Oh my god, I just remembered, it’s Purim. Seriously, already? I feel like it was just Simchas Torah! Boy did that winter go by fast. But the question is, are YOU ready for Purim? Did you choose your costume, buy presents for all the kids on the block, bake your dry, crumbly, never-very-delicious hamantaschen? No? Well COME ON, it starts tomorrow night!! It’s Purim eve, eve! Crap, I totally forgot and now I’ll never find a perfect queen Esther costume this late. And I don’t have time to bake hamantaschen before kickboxing class tonight, maybe I’ll do it while I watch “Better Call Saul”.

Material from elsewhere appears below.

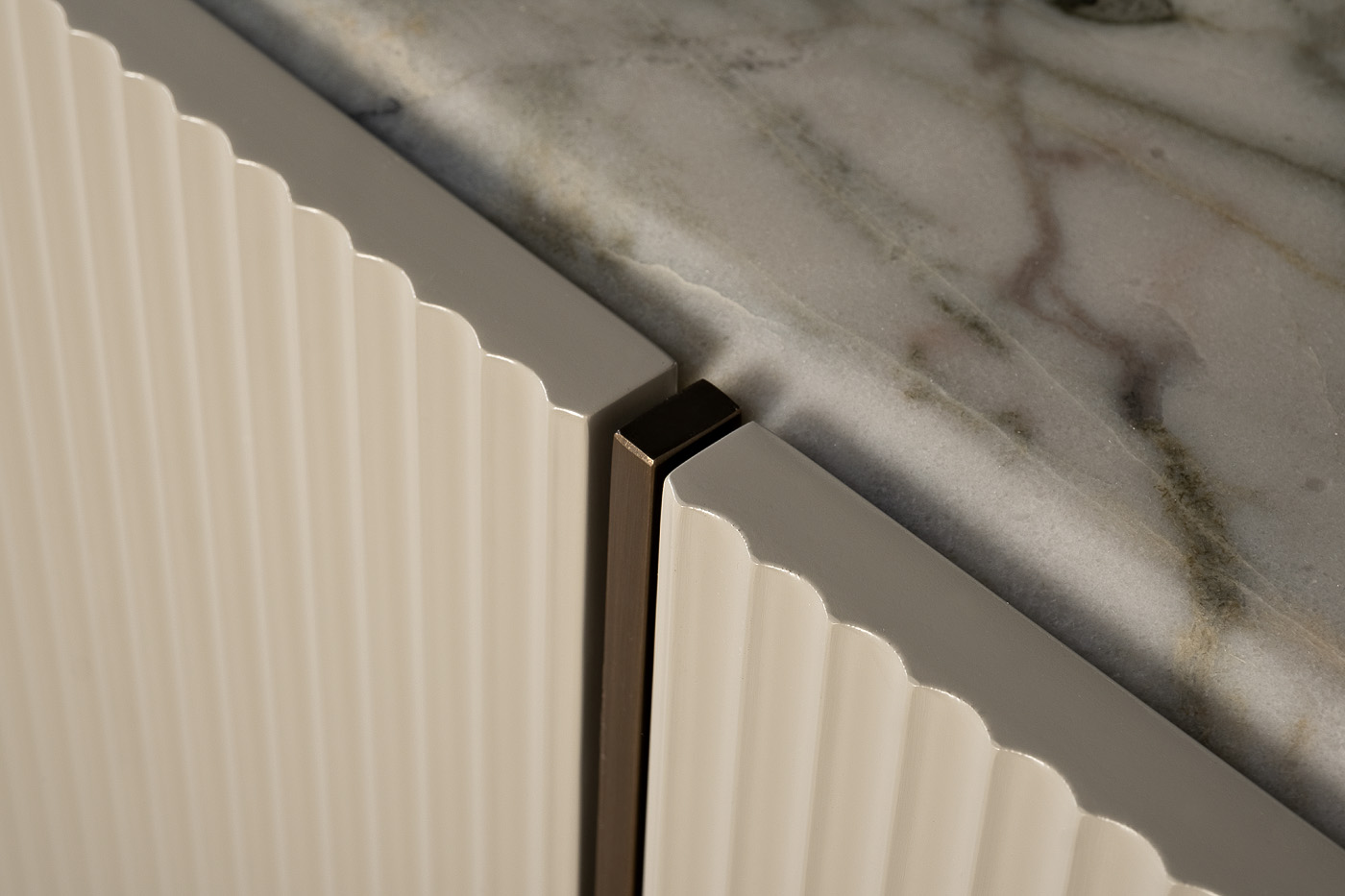 Этот элегантный комод серого цвета станет настоящей изюминкой вашей гостиной или спальни. Изысканный рельеф фасадов, напоминающий струящиеся шелковые ткани, придает ему легкость и изящество, а лаконичная геометрия формы подчеркивает безупречный вкус владе...

Because just when we thought the winter holiday season was over, kids, just when you finally put away the Christmas lights because the first daffodils are blooming… Really, that’s the sign to put them away, when you see the first daffodil, you put away the xmas stuff. Yes, it’s true, it’s in the bible in Ecclesiastes, remember? “To everything there is a season, turn, turn, etc., and a time to every purpose under heaven, and when the first daffodil shall bloometh, thou shalt fill thy Rubbermaid tubs with thy tinsel and animated reindeer?” That first yellow bloom is the heavenly command.

And now, for spring, the holiday season is BACK. I know, Valentine’s Day is now just a fading, disappointed memory. All the unsold clearance valentine’s candy, like the red and pink wrapped Hershey’s kisses, and red valentine’s day marshmallow Peeps have been dumped or fed to beef cattle to fatten ‘em up for grilling season. And the onslaught of pink and yellow and lavender is on in full-force, the Peeps are out in numbers, chocolate bunnies are multiplying like, well, bunnies! And jars of gefilte fish and boxes of matzo are filling the supermarket end-cap shelves, it’s time, spring Holiday Season!

But it all starts with Purim. The Jewish festival celebrating something about a queen named Esther and a bad guy named Haman and some destroyed temple, and some king, and something else…and oh crap, I don’t remember. I tried to look it up but it was more than a paragraph and then I got all distracted by something on BuzzFeed. And during the Purim festivities they tell the story of those guys, Esther and Haman and the rest, and every time they mention the evil Haman, you’re supposed to make a shit-ton of noise and stomp your feet and crank these little noisemakers that they give the kids, to drown out his name. Sort of like protesters at a Trump rally. And then the thugs come along and kill them. History really does repeat itself, doesn’t it?